**Given information:**
================
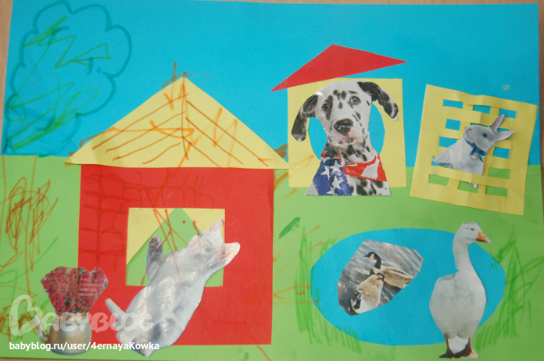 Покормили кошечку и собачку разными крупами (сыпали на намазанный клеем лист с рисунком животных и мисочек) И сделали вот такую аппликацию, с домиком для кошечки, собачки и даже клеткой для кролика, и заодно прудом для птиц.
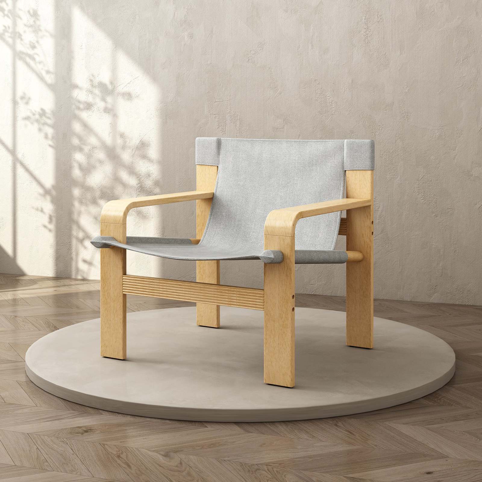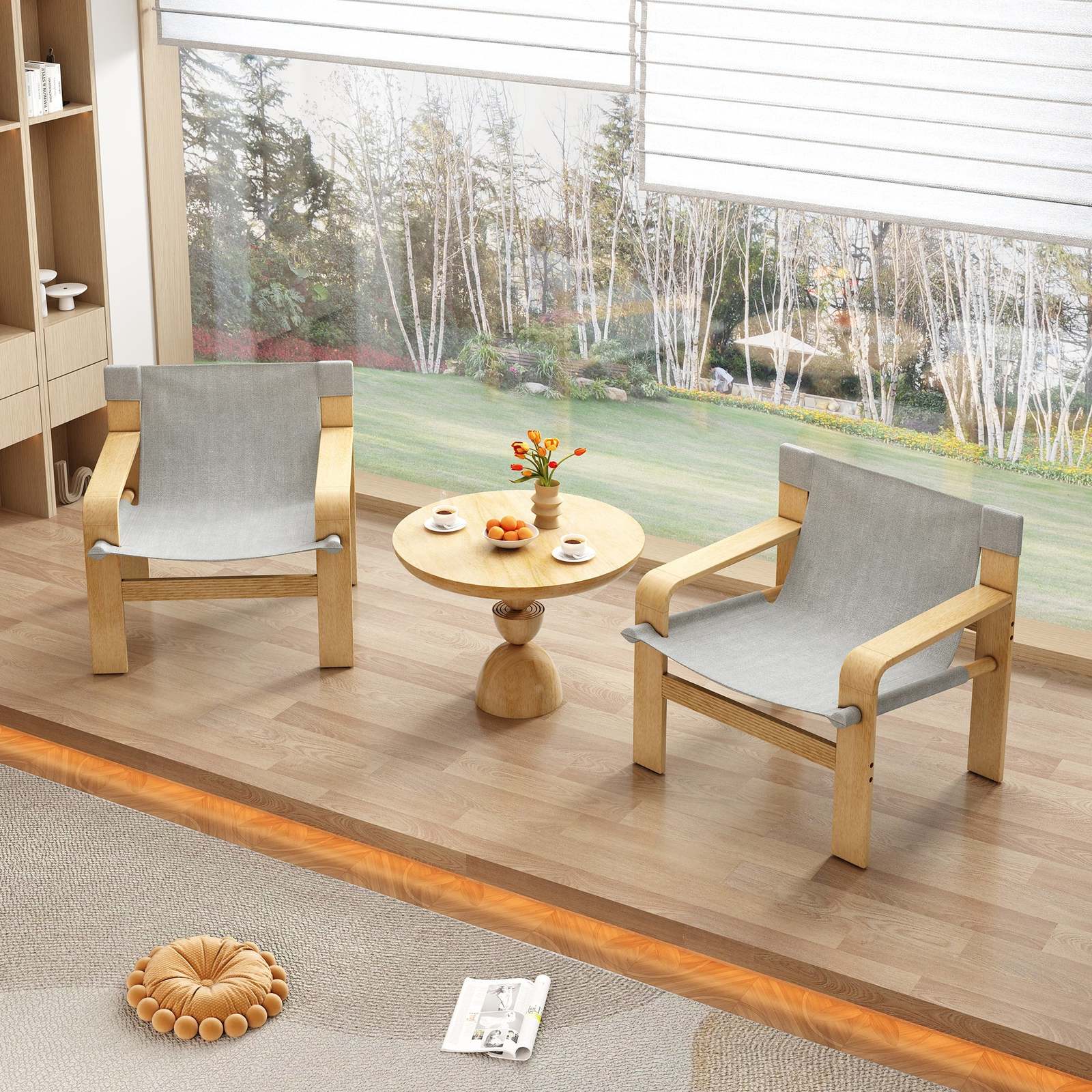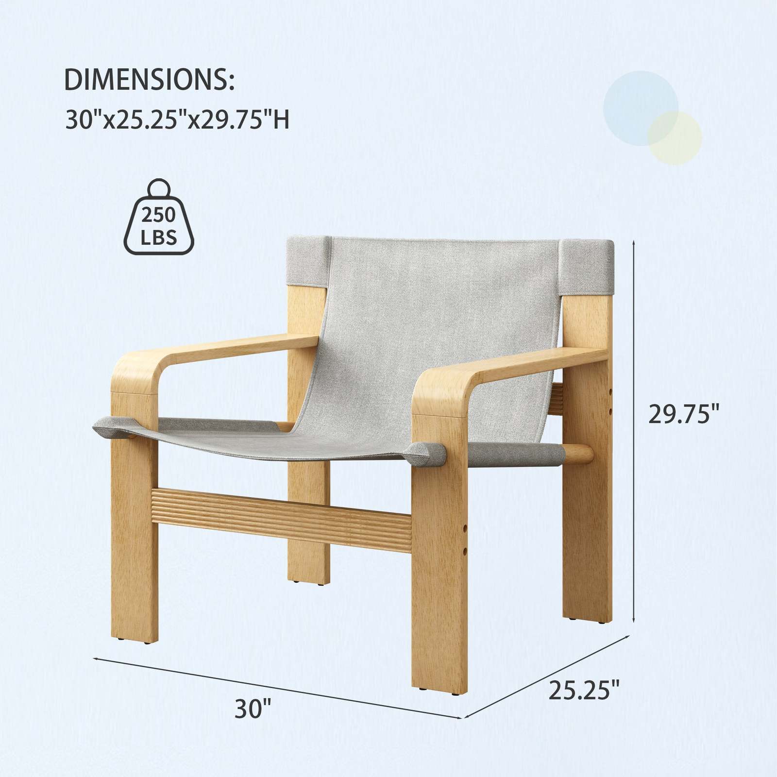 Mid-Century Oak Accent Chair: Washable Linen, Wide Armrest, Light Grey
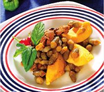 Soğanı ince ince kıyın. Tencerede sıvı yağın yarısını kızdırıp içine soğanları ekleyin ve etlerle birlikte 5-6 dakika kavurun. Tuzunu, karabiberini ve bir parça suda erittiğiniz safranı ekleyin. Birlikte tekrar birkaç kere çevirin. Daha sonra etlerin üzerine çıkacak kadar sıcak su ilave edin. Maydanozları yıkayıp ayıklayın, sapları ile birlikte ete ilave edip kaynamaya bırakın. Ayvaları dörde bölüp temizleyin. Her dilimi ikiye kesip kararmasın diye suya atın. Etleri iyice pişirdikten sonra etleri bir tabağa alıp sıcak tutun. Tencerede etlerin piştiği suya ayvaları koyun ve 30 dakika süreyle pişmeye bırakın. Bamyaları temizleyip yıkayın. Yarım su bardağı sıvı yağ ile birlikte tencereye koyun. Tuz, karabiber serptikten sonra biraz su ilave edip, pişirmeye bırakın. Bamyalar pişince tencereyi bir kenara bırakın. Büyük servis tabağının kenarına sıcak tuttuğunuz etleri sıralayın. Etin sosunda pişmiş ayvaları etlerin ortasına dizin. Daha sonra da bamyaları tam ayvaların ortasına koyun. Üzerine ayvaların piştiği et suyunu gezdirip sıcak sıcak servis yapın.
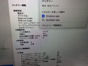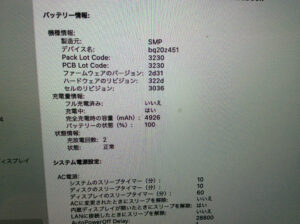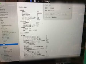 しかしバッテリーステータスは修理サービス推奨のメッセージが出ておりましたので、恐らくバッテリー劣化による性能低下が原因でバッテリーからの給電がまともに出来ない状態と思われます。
================
**Work item:**
Restate the full listing verbatim and drop every picture.

**Solution to this exercise:**
 Покормили кошечку и собачку разными крупами (сыпали на намазанный клеем лист с рисунком животных и мисочек) И сделали вот такую аппликацию, с домиком для кошечки, собачки и даже клеткой для кролика, и заодно прудом для птиц.
 Mid-Century Oak Accent Chair: Washable Linen, Wide Armrest, Light Grey
 Soğanı ince ince kıyın. Tencerede sıvı yağın yarısını kızdırıp içine soğanları ekleyin ve etlerle birlikte 5-6 dakika kavurun. Tuzunu, karabiberini ve bir parça suda erittiğiniz safranı ekleyin. Birlikte tekrar birkaç kere çevirin. Daha sonra etlerin üzerine çıkacak kadar sıcak su ilave edin. Maydanozları yıkayıp ayıklayın, sapları ile birlikte ete ilave edip kaynamaya bırakın. Ayvaları dörde bölüp temizleyin. Her dilimi ikiye kesip kararmasın diye suya atın. Etleri iyice pişirdikten sonra etleri bir tabağa alıp sıcak tutun. Tencerede etlerin piştiği suya ayvaları koyun ve 30 dakika süreyle pişmeye bırakın. Bamyaları temizleyip yıkayın. Yarım su bardağı sıvı yağ ile birlikte tencereye koyun. Tuz, karabiber serptikten sonra biraz su ilave edip, pişirmeye bırakın. Bamyalar pişince tencereyi bir kenara bırakın. Büyük servis tabağının kenarına sıcak tuttuğunuz etleri sıralayın. Etin sosunda pişmiş ayvaları etlerin ortasına dizin. Daha sonra da bamyaları tam ayvaların ortasına koyun. Üzerine ayvaların piştiği et suyunu gezdirip sıcak sıcak servis yapın.
 しかしバッテリーステータスは修理サービス推奨のメッセージが出ておりましたので、恐らくバッテリー劣化による性能低下が原因でバッテリーからの給電がまともに出来ない状態と思われます。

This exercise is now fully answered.